I disagree. 'Reasonable compromises' are what have led many people to believe that the fight for women's equality ended in 1970 with the Equal Pay Act when, in reality, women today are still paid 15-40 percent less than their male colleagues. By taking an incremental approach and settling for civil unions, we run the risk of fostering a perception that the problem has been fixed by a separate-but-equal institution. So why not go straight for full marriage equality? Professor Stone points to fears of losing religious liberty:

The most obvious tension arises out of the fact that some religious people believe same-sex relationships are inherently sinful and immoral. They therefore insist that the state should not legitimate such relationships. The problem, though, is that in a society that values the separation of church and state, religious doctrine cannot be the source of our secular law. The framers of our Constitution certainly embraced this principle. It is not a violation of religious liberty for the state not to impose one group's religious beliefs on other citizens who do not share them.

I agree with Professor Stone on this point and I believe he has articulated it beautifully. However, we diverge in opinion on the appropriateness of the "Religious Freedom Protection" part of the Act. While he regards the language as "a respectful and very substantial acknowledgment of legitimate religious liberty interests," I see it as a merely symbolic and unnecessary inclusion simply for political appeasement.

The case that has spawned the fervor over religious liberty took place in New Jersey, where a religious organization refused to allow a lesbian couple to use a pavilion it owned. As a result of their decision, the New Jersey Department of Environmental Protection took away a tax break given to the organization for opening the pavilion to public use. This was a case involving not religious freedom, but a bland and straightforward taxation principle: you may not receive a public accommodation tax exemption on a location that is not actually accommodating the public.

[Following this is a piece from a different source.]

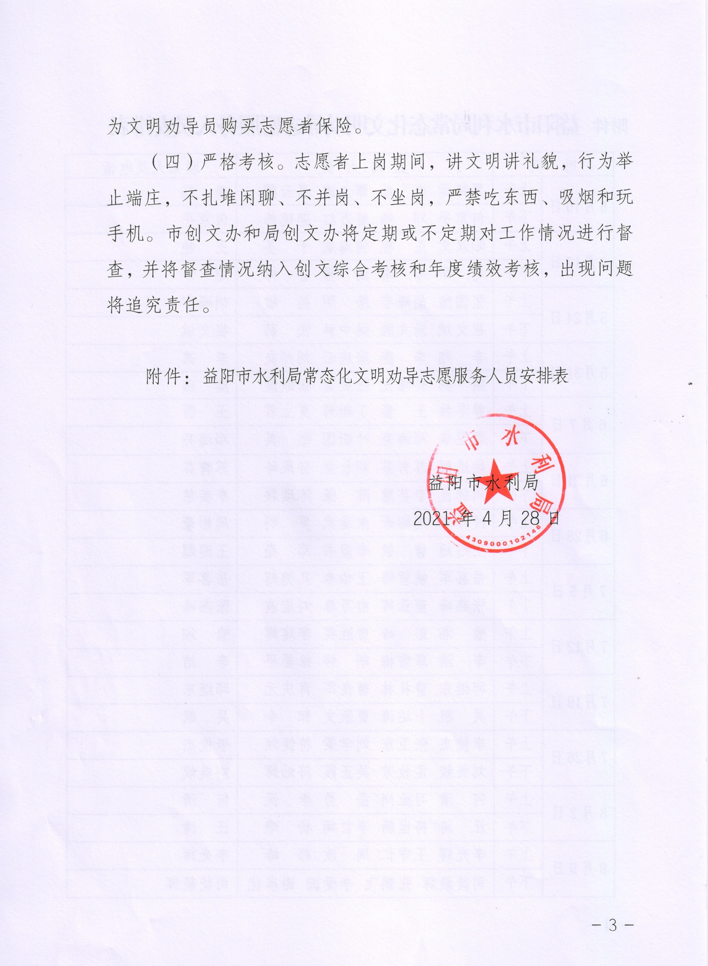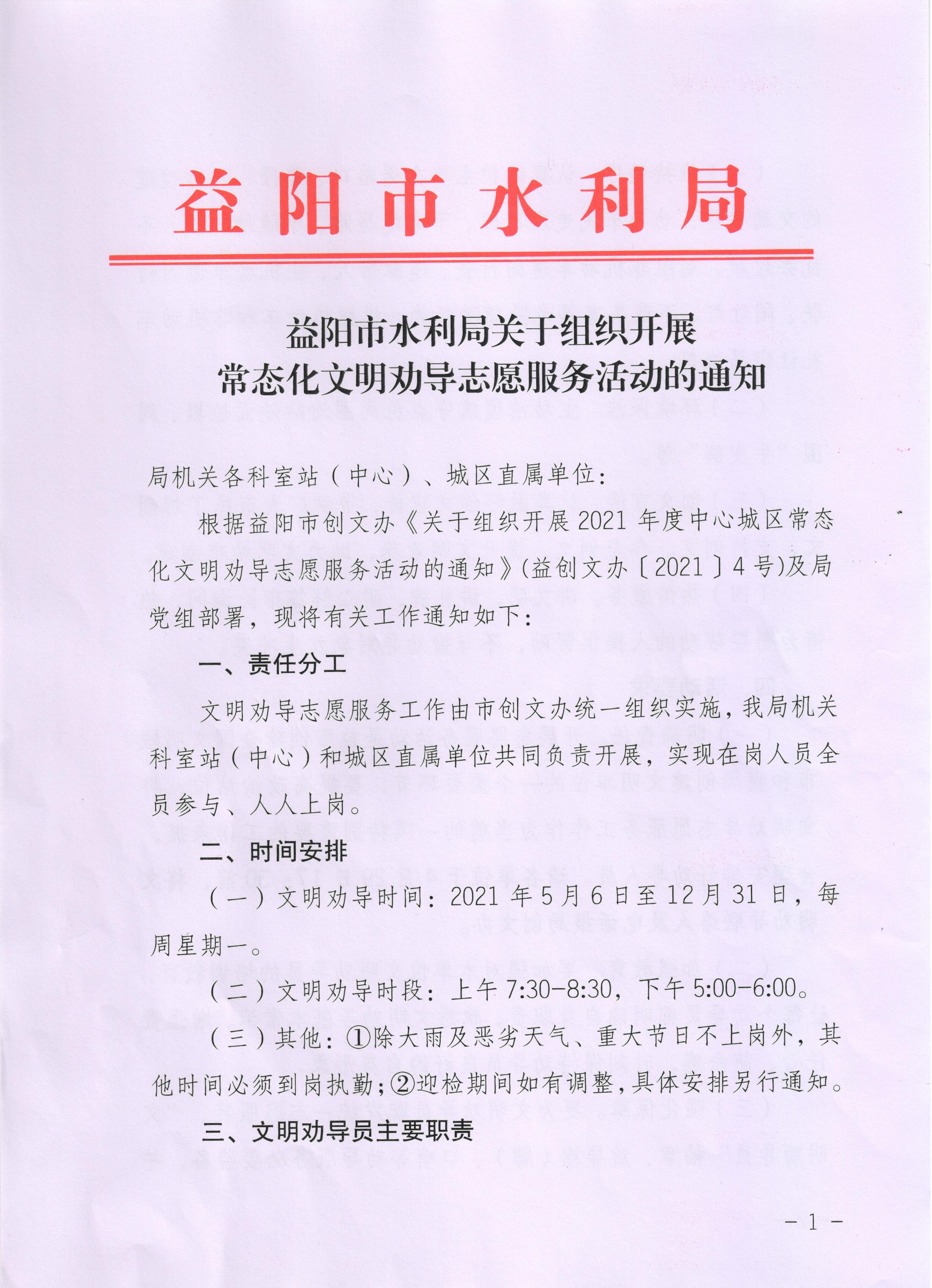 益阳市水利局关于组织开展常态化文明劝导志愿服务活动的通知
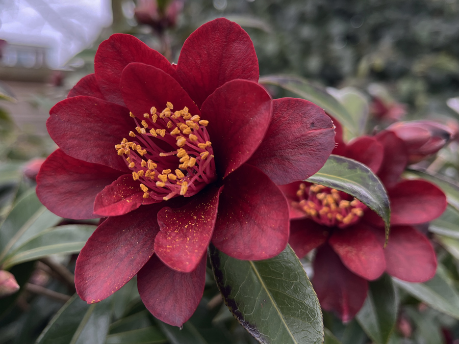 Camellia ‘Nightrider’ confused the camera exposure more than the colour. It’s a very dark red for a Camellia and since it is only the flowers on top of the bush that are so far open, it was taken against the sky. I suppose there is a way to do exposure compensation on the phone but I just tweaked the over exposed image on the computer.

Illinois FlagI do not believe that the Illinois provision would have affected this outcome. Section 15 provides only that the law does not "interfere with or regulate the religious practice of any religious body" and that an organization "is free to choose whether or not to solemnize or officiate a civil union." However, this is already the state of the law in all 50 jurisdictions; no religious institution is forced to recognize any marriage it does not want to. Many Catholic churches, for instance, do not perform marriage ceremonies for divorcees, while Orthodox Jewish temples may refuse to join a jew and a gentile. No provision of law could be read to force religious organizations to conduct same-sex civil union ceremonies.

What an organization cannot do, however — and what they still cannot do even with Illinois's provision — is accept a public accommodations tax credit for a building that is not a public accommodation.

We are left, then, with a component of the Religious Freedom Protection and Civil Union Act that is superfluous and merely symbolic. I do not assert that religious organizations should be denied the ability to observe whatever tenants it wishes, I simply do not believe that Section 15 is necessary to achieve this end. I also fear what the law may be implying. If the legislature specifically exempts organizations from being forced to perform civil union ceremonies, is the implication that they can be required to perform marriages between divorcees or between jew and gentile? Why codify only a single exception while leaving other exceptions up to mere 'common understanding'?

Finally, I believe Section 15 reinforces the misunderstanding that civil rights are zero sum. The truth is that we can make one group — gays and lesbians — equal without making a second group — the religious — unequal. Equality is not a limited resource, but rather something we all can and should share.

In the end, both Professor Stone and I support the Religious Freedom Protection and Civil Union Act, albeit I with less gusto. I believe the Act is a step above nothing and is certainly a welcome relief for Illinoisan same-sex couples, but is absolutely not where Illinois should stop. A "compromise," as Professor Stone calls this bill, is not equality; equality is equality.